EP53A-0943
A New Method for Measuring River Sinuosity across Varying Length Scales

Friday, 18 December 2015
Poster Hall (Moscone South)
Tiffany Liu, Organization Not Listed, Washington, DC, United States and Kerri N Johnson, University of California Santa Cruz, Santa Cruz, CA, United States
Abstract:
Sinuosity is an emergent characteristic of meandering rivers. In bedrock rivers, climate (Stark 2009) and bedrock lithology (Johnson and Finnegan 2015) likely influence sinuosity. Comparing trends in sinuosity between and along rivers with different climates, lithology, and tectonics has the potential to shed light on what controls sinuosity. However, measuring sinuosity in a meaningful way is challenging.

The length scale over which sinuosity is calculated affects the measurement. For example, a river with many tight curves generates greater sinuosities with a shorter length scale, and a river with a curved valley might generate greater sinuosities with a longer length scale. Therefore, to find the distribution of sinuosity across length scales, a method is needed that can compare sinuosities at a variety of length scales.

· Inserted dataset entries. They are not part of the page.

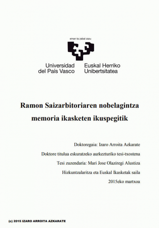 Ramon Saizarbitoriaren nobelagintza memoria ikasketen ikuspegitik [Interneteko baliabidea] / Izaro Arroita Azkarate ; zuzendaria, Mari Jose Olaziregi Alustiza
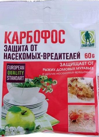 The only minus of karbofos is its caustic specific smell, which is why the agent is rarely used indoors. But for the processing of garden plots, industrial premises, this is the best option.
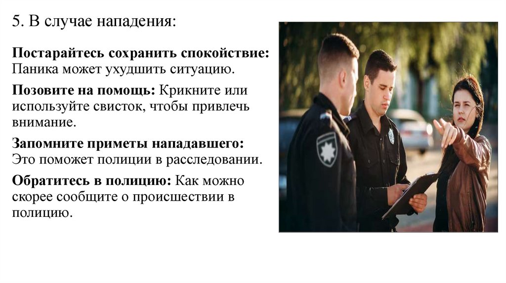 5. В случае нападения:Постарайтесь сохранить спокойствие:
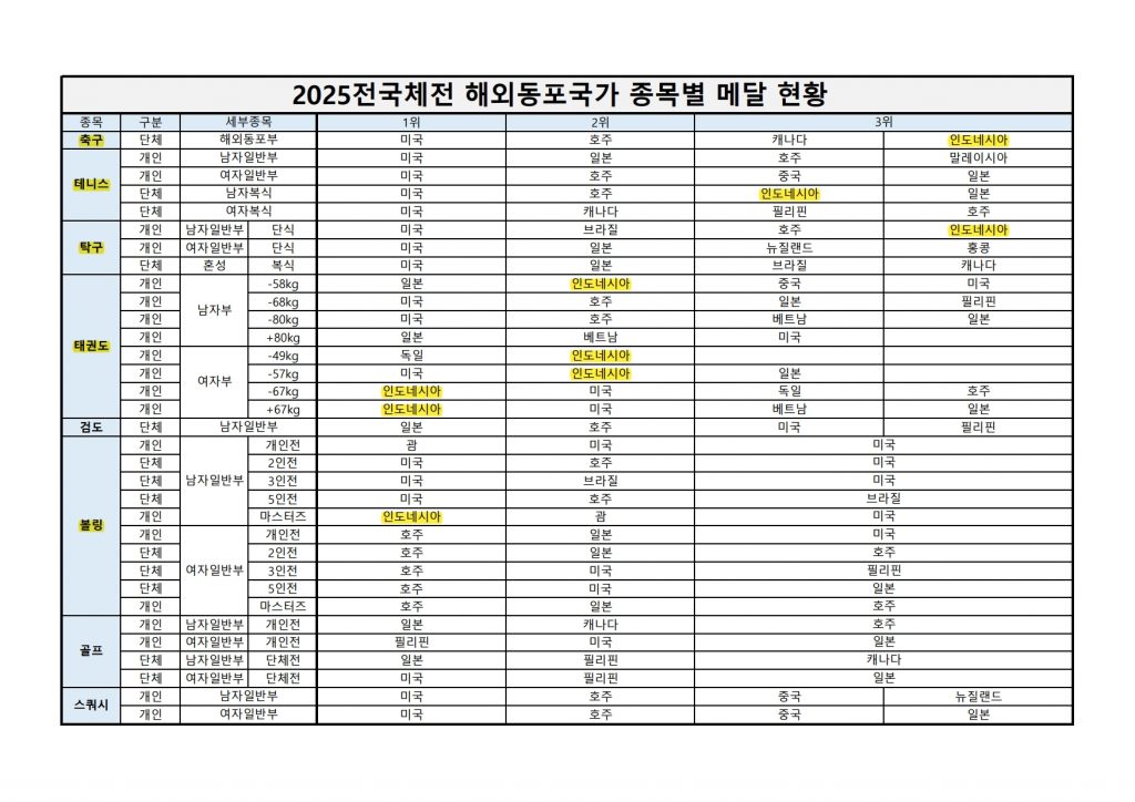 한편, 재인도네시아 대한체육회는 오는 2025년 12월 17일 자카르타의 한 호텔에서 ‘제106회 전국체전 성과보고회 및 감사의 밤’을 열 예정이다. 이날 자리에서는 선수단의 활약상을 공유하고, 대회 기간 중 아낌없는 성원을 보내준 동포와 후원단체에 감사의 마음을 전할 계획이다.

To achieve this goal, we made a tool that calculates sinuosities across many length scales along a river and derives both the maximum sinuosity and the length scale at which these maximums occur for each point on the river.

Using digital elevation models (DEMs) of a number of landscapes with varying climate, lithology and uplift rate, we extracted river networks using a flow accumulation method. From this, our code works within the ArcGIS Python window. It applies a moving window to calculate sinuosity at each point along the river for a wide range of length scales. All the points’ maximum sinuosities can be displayed, even if they are derived from different length scales. Because the code is run within ArcGIS, it is easy to display these sinuosity data as attributes of the original river networks.

This tool opens new possibilities for tracking patterns in sinuosity along and between rivers. Our preliminary data suggests that this method will be useful for interpreting trends in sinuosity and learning about what factors influence them.